#### Problem to work on
Using the data beneath this instruction, retype only the lines from the one that contains "Η εκκίνηση του" down to the one that contains "Single chronograph movement", both included, exactly as they appear.

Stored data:
[Start of section]

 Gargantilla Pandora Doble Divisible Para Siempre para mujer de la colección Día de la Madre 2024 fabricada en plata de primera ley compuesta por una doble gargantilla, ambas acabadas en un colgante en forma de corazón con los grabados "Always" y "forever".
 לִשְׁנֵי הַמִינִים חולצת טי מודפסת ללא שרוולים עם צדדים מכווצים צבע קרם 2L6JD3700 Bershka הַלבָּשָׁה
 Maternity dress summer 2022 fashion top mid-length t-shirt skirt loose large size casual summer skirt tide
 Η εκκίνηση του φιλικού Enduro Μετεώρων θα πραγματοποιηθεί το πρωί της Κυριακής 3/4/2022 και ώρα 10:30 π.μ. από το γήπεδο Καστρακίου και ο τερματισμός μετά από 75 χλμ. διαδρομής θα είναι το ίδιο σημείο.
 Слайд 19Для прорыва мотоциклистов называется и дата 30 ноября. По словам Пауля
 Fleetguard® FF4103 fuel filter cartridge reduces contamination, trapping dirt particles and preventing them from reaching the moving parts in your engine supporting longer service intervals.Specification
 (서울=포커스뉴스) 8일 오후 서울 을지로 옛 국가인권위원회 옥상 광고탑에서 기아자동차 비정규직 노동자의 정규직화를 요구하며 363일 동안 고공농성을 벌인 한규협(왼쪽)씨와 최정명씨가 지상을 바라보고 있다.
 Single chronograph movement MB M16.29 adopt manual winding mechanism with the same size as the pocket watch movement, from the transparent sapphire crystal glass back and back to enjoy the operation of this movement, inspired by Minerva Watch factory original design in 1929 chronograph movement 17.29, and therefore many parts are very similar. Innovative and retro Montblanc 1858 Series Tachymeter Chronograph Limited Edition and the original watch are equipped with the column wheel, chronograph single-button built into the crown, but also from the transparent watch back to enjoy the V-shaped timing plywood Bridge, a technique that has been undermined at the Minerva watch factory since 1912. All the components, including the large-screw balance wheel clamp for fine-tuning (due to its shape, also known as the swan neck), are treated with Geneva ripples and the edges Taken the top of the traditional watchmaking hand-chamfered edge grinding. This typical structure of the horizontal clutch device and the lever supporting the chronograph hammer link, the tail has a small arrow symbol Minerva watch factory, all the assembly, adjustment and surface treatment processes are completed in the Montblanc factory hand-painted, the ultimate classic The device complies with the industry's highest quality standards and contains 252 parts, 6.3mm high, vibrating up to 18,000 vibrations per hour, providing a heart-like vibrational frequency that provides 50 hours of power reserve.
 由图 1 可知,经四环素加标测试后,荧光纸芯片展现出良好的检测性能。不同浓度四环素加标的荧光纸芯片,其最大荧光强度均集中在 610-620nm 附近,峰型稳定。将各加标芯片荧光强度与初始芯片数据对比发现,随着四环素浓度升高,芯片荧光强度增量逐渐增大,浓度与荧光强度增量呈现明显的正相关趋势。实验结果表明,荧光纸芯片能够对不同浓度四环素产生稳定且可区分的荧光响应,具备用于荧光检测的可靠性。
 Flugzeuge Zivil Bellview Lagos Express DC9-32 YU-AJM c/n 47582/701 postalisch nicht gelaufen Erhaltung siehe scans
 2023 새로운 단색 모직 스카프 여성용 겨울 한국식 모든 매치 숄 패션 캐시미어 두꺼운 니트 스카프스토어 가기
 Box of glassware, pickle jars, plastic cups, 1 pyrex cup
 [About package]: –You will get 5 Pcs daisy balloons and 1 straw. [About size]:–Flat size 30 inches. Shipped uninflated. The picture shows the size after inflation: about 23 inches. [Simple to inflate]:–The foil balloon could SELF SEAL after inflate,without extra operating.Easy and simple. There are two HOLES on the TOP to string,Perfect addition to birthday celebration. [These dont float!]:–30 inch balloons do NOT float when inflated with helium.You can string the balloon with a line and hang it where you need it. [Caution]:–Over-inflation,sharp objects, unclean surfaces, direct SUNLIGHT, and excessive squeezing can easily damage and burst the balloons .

[End of section]

#### Answer space
 Η εκκίνηση του φιλικού Enduro Μετεώρων θα πραγματοποιηθεί το πρωί της Κυριακής 3/4/2022 και ώρα 10:30 π.μ. από το γήπεδο Καστρακίου και ο τερματισμός μετά από 75 χλμ. διαδρομής θα είναι το ίδιο σημείο.
 Слайд 19Для прорыва мотоциклистов называется и дата 30 ноября. По словам Пауля
 Fleetguard® FF4103 fuel filter cartridge reduces contamination, trapping dirt particles and preventing them from reaching the moving parts in your engine supporting longer service intervals.Specification
 (서울=포커스뉴스) 8일 오후 서울 을지로 옛 국가인권위원회 옥상 광고탑에서 기아자동차 비정규직 노동자의 정규직화를 요구하며 363일 동안 고공농성을 벌인 한규협(왼쪽)씨와 최정명씨가 지상을 바라보고 있다.
 Single chronograph movement MB M16.29 adopt manual winding mechanism with the same size as the pocket watch movement, from the transparent sapphire crystal glass back and back to enjoy the operation of this movement, inspired by Minerva Watch factory original design in 1929 chronograph movement 17.29, and therefore many parts are very similar. Innovative and retro Montblanc 1858 Series Tachymeter Chronograph Limited Edition and the original watch are equipped with the column wheel, chronograph single-button built into the crown, but also from the transparent watch back to enjoy the V-shaped timing plywood Bridge, a technique that has been undermined at the Minerva watch factory since 1912. All the components, including the large-screw balance wheel clamp for fine-tuning (due to its shape, also known as the swan neck), are treated with Geneva ripples and the edges Taken the top of the traditional watchmaking hand-chamfered edge grinding. This typical structure of the horizontal clutch device and the lever supporting the chronograph hammer link, the tail has a small arrow symbol Minerva watch factory, all the assembly, adjustment and surface treatment processes are completed in the Montblanc factory hand-painted, the ultimate classic The device complies with the industry's highest quality standards and contains 252 parts, 6.3mm high, vibrating up to 18,000 vibrations per hour, providing a heart-like vibrational frequency that provides 50 hours of power reserve.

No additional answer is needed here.